Well, it snowed for a few hours, if that this morning. My bosses in their infinite wisdom closed the restaurant for the day. Really could have used the money, but I spent the day with my family out in the woods (North Raleigh). Made everyone fajitas, and listened to my brother play guitar. Lately, he's really been into The Black Keys, and he's gotten their sound down pretty good. We were listening to their ep from last year, Chulahoma, while I was fooling around on his computer. I didn't know he'd stopped playing when the song "My Mind Is Ramblin'" started, that was the best recording of a guitar I'd ever heard! It sounded like it was right there in the room, the fuzzy warm edges of an amp buzzing away next to your ear. It was fantastic!

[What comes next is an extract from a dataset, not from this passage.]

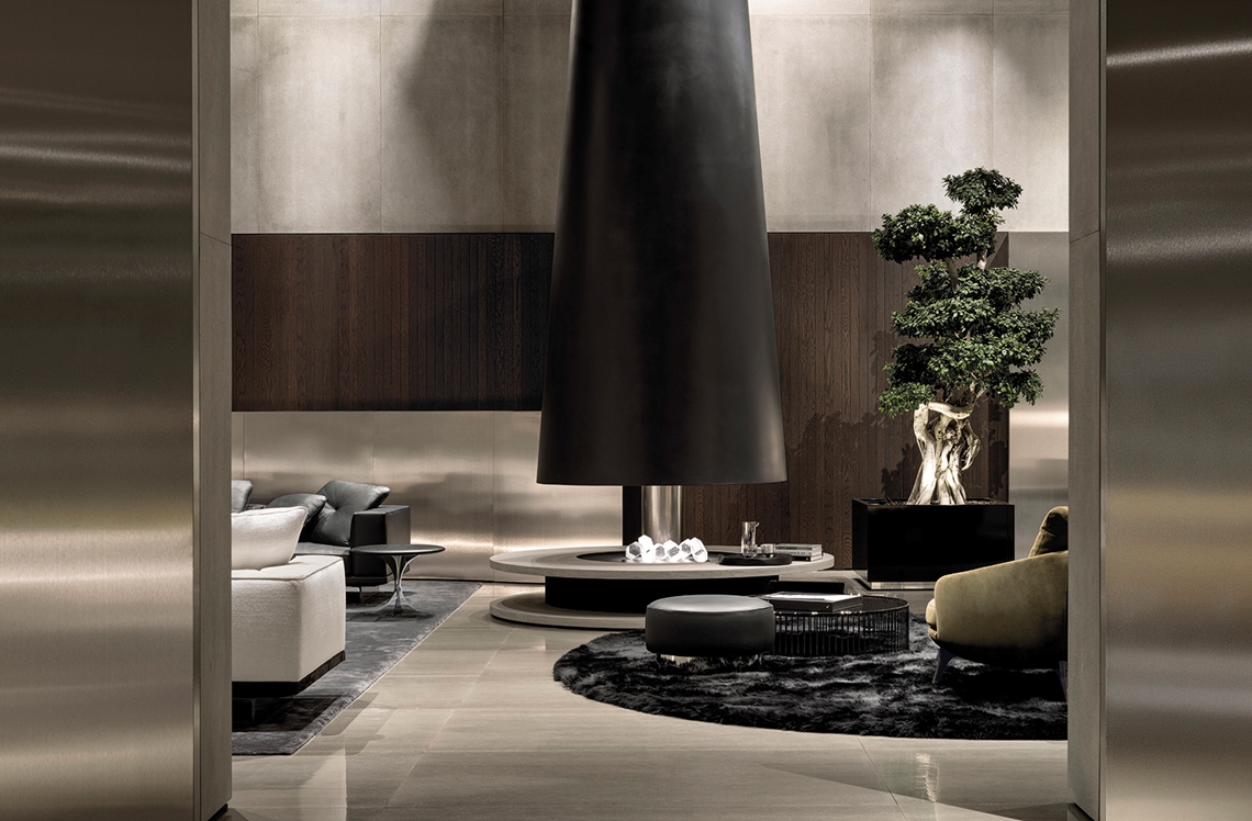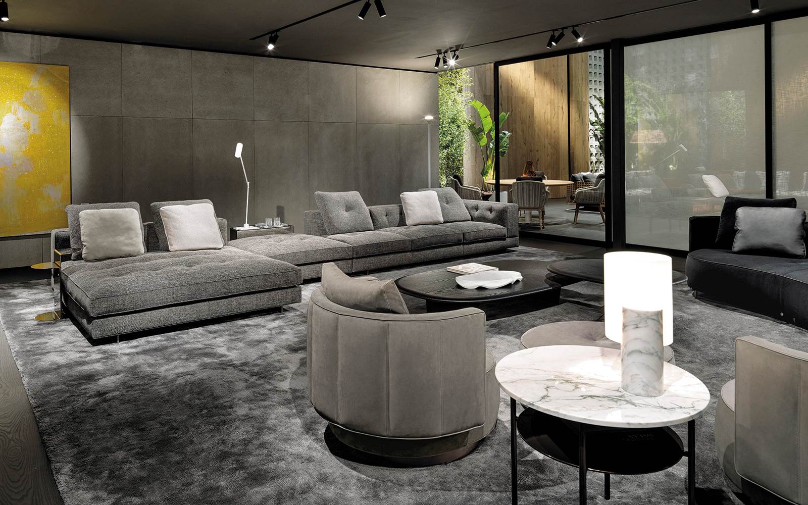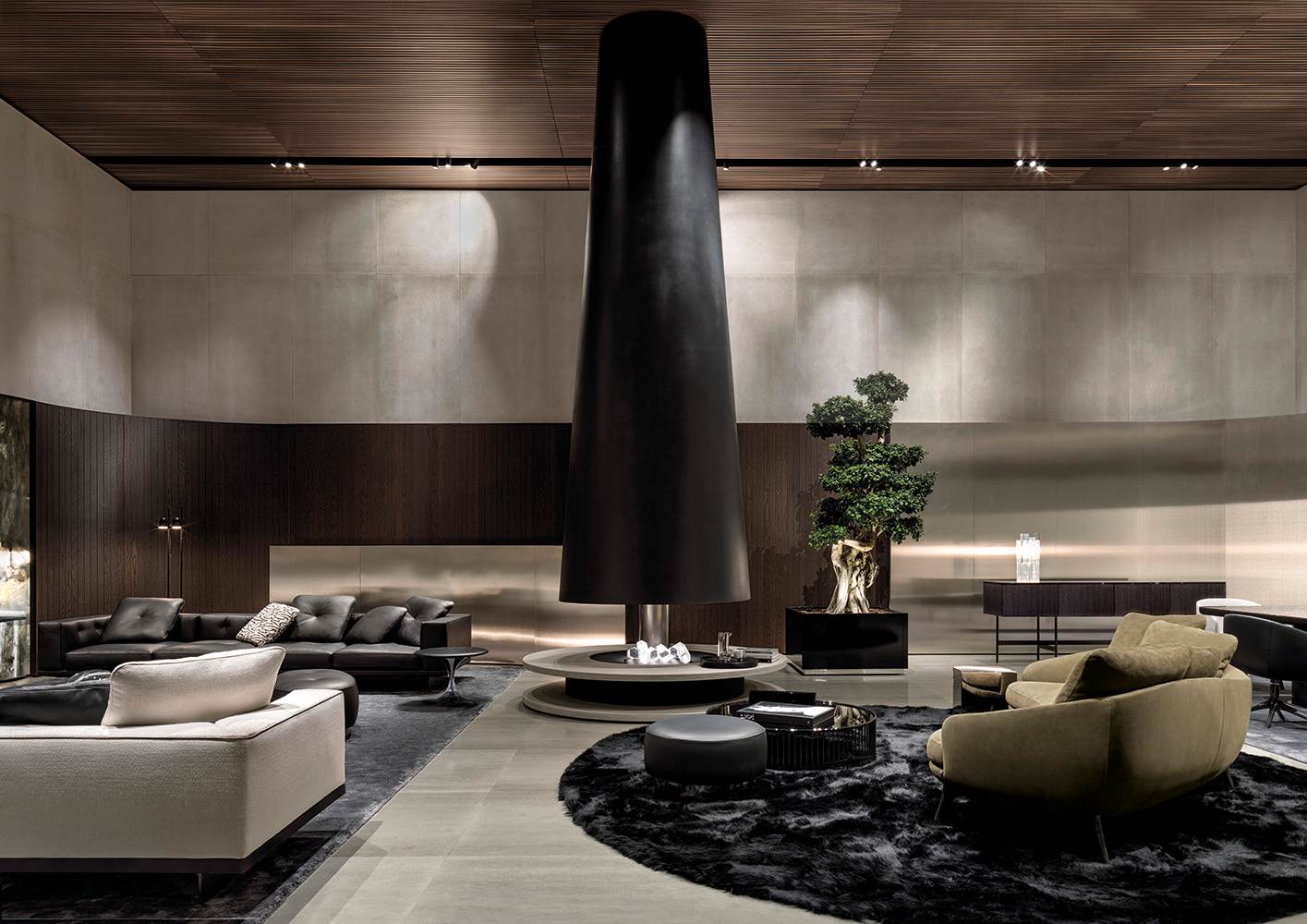 Die organischen Formen des Erdgeschosses finden sich auch auf der ersten Ebene wieder, die über zwei Wendeltreppen erreichbar ist und von der aus man das Grün und den weiten Blick in die Welt von Minotti genießen kann: Von jeder Ecke des Ausstellungsraums aus kann man die aufeinander folgenden Umgebungen entdecken, die die konstante und konsequente Entwicklung des Unternehmens erkennen lassen.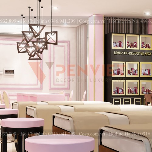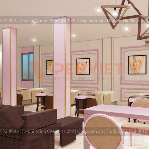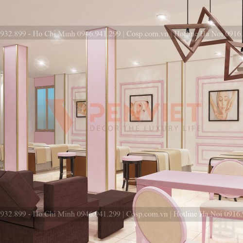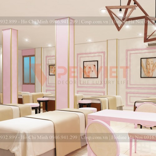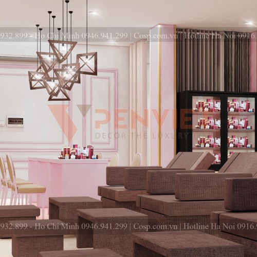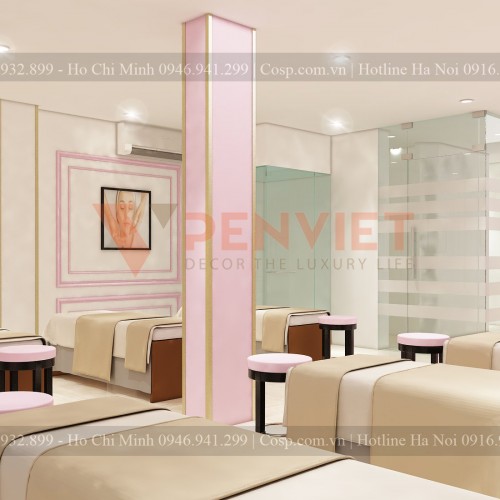 Để tạo nên một không gian kinh doanh ấn tượng, mang sắc thái nhẹ nhàng, đằm thắm nhưng vẫn toát lên sự sang trọng và đẳng cấp, KTS của Penviet đã sử dụng tông màu hồng pastel làm chủ đạo trong mẫu thiết kế spa này. Từng đường phào chỉ và các nẹp kim loại vàng đồng tạo tính thẩm mỹ rất lớn cũng như điểm nhấn nhá cho không gian.

And every time I've heard something that great lately, I've thought of all the money people have wasted on that Hold Steady album, Boys and Girls in America. Which might have the worst sound guitars since.... I really can't think of what sounds worse. The guitars sound like a cartoon version of what a guitar solo should sound like. Maybe like something that Jesse and The Rippers would have performed in their "Full House" hey day. heyday? One word or two? Anyway, if you don't remember, Uncle Jesse, the one-time Beach Boys drummer had a band that would do a sitcom writer's approximation of rock'n'roll. Not to say that The Hold Steady are crass extensions of a television series. Or that they would be. With what sound like roots in punk, they might have some semblance of indiethics. I'm not sure, I don't know enough about this band. I just know that most people who've had the chance to have their thoughts on music published last year frothed and panted at that album's feet. But, man, those guitars! I spent money on "Boys And Girls In America", and I'm very upset that I did. It sounds like if the guy from Red House Painters was a snotty punk who was backed by The E-Street band on it's worst day, and instead of the cheesy saxophone of Clarence, they've got this bullshit guitar squealling all over the place. Sure, singer Craig Finn could score points for having some smart lyrics. Yet, plenty of people have smart lyrics, I listen to smart lyrics all day long. Smart lyrics can only get you so far, melody and the music said lyrics are being recited over are key as well. Let's take for example David Bowie. Bowie's lyrics are awful. The only reason he's gotten away with this for decades on end is because he can sing, and he knows his way around a melody. Craig Finn writes good lyrics, but he speak/sings them with no attempt at a melody. Others I've talked to about this album have told me that it almost sound like an attempt at selling out. At reaching a mass Nickleback like audience with lowest common denominator music, tapping into what Springsteen did thirty years ago with songs about teenage nights. But what they don't realize is that the arrangments are too busy for the 96rock drivetime ear, and that he's sing/speaking! That worked for Lou Reed... once! If there's someone who can change my opinion on this out there, I completely welcome their attempt. As it stands, I'm just not buying it.